Being new in town and new on the job left him at a distinct disadvantage. He felt like the stranger on the reservation again, the kid who got hard looks and took hard hits, the one who kept his mouth shut because he didn’t know what to say, the one who’d learned that acting aloof was an excellent defense mechanism.
Something about Tenaja Falls stripped away those artifices, like the desert wind laying a man down to his bare bones. Vegas was a place of flattery and falsehoods. Here, everyone seemed like a straight shooter, but Luke still had to watch his back.
His last conversation with Shay had also left him feeling uneasy. He knew he’d mishandled almost every interaction between them so far, from his casual dismissal of her on the sun-warmed rock that first afternoon to his mangled apology attempt in the fertility cave after a round of bone-melting sex.
He’d gotten off on the wrong foot with her from day one, and he could only hope she’d give him a chance to make it up to her.
Trying to roll the tension out of his shoulders, he followed Clay down the hall to the drunk tank, thinking he was lucky that their earlier confrontation hadn’t come to blows. The younger man was lanky but strong, quick of mind and light on his feet. Unlike Jesse Ryan, Luke figured Clay wouldn’t go down on the first hit.

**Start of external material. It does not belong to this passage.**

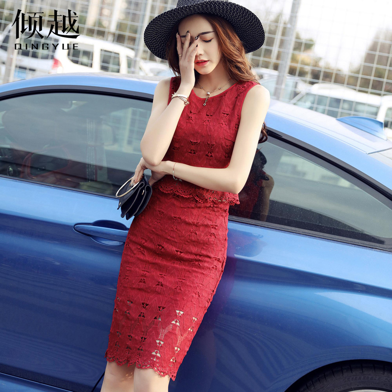 蕾絲連衣裙潮2017夏季新款韓版女裝無袖包臀時尚套裝裙休閑兩件套

Instead of throwing punches, Clay led him back to the holding tank. The cell was large enough to accommodate a half-dozen detainees, but Jesse Ryan was the only soul inside. With its concrete benches, aluminum toilet, and stainless steel sink, it was a dreary, uncomfortable-looking space.
Jesse didn’t appear bothered by the lack of ambience. He was flat on his back, snoring.
Clay was understandably upset, but he didn’t need to be told not to mention Bull Ryan’s death. He and Luke exchanged a weighted glance, by tacit agreement promising not to give away any information.
“Rise and shine, bro,” Clay said.
Jesse lifted his head, opened one eye, and groaned.
He shoved a lined paper cup through the bars. “I brought you some coffee.”
Luke didn’t think it was a good idea to give a disgruntled detainee a cup of hot liquid, but that was Clay’s business. He hoped Jesse wouldn’t throw it in his half-brother’s face.
Jesse stood, rubbing a hand over his shadowed jaw. “Which one of y’all hit me?”
Clay hooked his thumb in Luke’s direction.
“Remind me not to mess with you again,” Jesse said amiably, staggering forward and taking the coffee from Clay’s hand.